Thank you for bringing this up, this is one of the tricks that are very valuable to assembly programmer. This technique was discussed on the old Win32Asm community message board back in 2005 and I posted there about an additional variant. When you know that your number is divisible by your fixed divisor then you can perform division by multiplication without additional shifts, and this means that you can use IMUL instruction with immediate (and this perfectly fits the problem discussed here).

You can find that post (and the complete discussion) archived at http://www.asmcommunity.net/forums/topic/?id=21308#post-161744
I don't know if that archive is reliable, and it does not preserve the original formatting well, so I'm also copying my old post here:
Tomasz Grysztar in 2005 wrote:
If you want to divide by the odd number, and you know the number you want to divide is divisible without remainder, you can do this by multiplying by "magic" number and take the LOW half of the result, without need to do any shifts etc.

This approach is based on the theory of 2-adic numbers, if you need some elementary information on 2-adic number, you can find it in the Programming Tutorial I've once started.

For example, the 2-adic reciprocal of 3 is 110101010101... (infinite chain), if we multiply any integer N divisible by 3 by such infinite chain, we will get N/3. On computer we are able to operate only on finite chains, but note, that even when multiplying the infinite ones, the n first bits always depends only on the first n bits of both numbers we multiply. So if we take the first 32 bits of 2-adic 1/3 and multiply the 32-bit integer by it, the low 32 bits of the result will be the correct first 32 bits of the result, N/3 in this case.
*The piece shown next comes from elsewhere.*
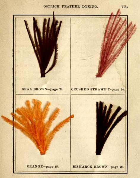 Bismarck brown is a product that is used in feather dyeing to a considerable extent, chiefly in a diluted form. It dissolves readily in boiling water. It comes in the form of a powder, of a dirty black hue, and in liquid it is a heavy yellowish red. It makes a fast color, alkali having but little effect on it. Oxalic or sulphuric acid will brighten the color, and turning it more on the red order. In giving a brownish hue to such light colors as beige, ecru, etc., it is invaluable. It is used by some in the topping of dark brown. It has such a great affinity for the fibre of feathers that it is very difficult to remove therefrom.

The first 32 bits of infinite 1/3 expansion are 0AAAAAAABh (and the whole expansion goes as if we were adding infinite amount of A digits to the left), therefore this code:
Code:
mov eax,N
mov ebx,0AAAAAAABh
mul ebx    
will calculate the N/3 for us in EAX.

When you want to divide by even number, you can factorize it to some power of two and odd number, then make one multiplication like above and then shift by the amount of bits equal to the power of two from the factorization. Always operating on the lower half of the result! This means you can use this method also with the IMUL instruction variants, which give you only the lower half of the result, like:
Code:
imul eax,0AAAAAAABh ; divide by 3    


However this method has the substantial flow, that the number we want to divide has to be divisible by the value, whose reciprocal we use - otherwise we get the low bits of some infinite expansion of rational number.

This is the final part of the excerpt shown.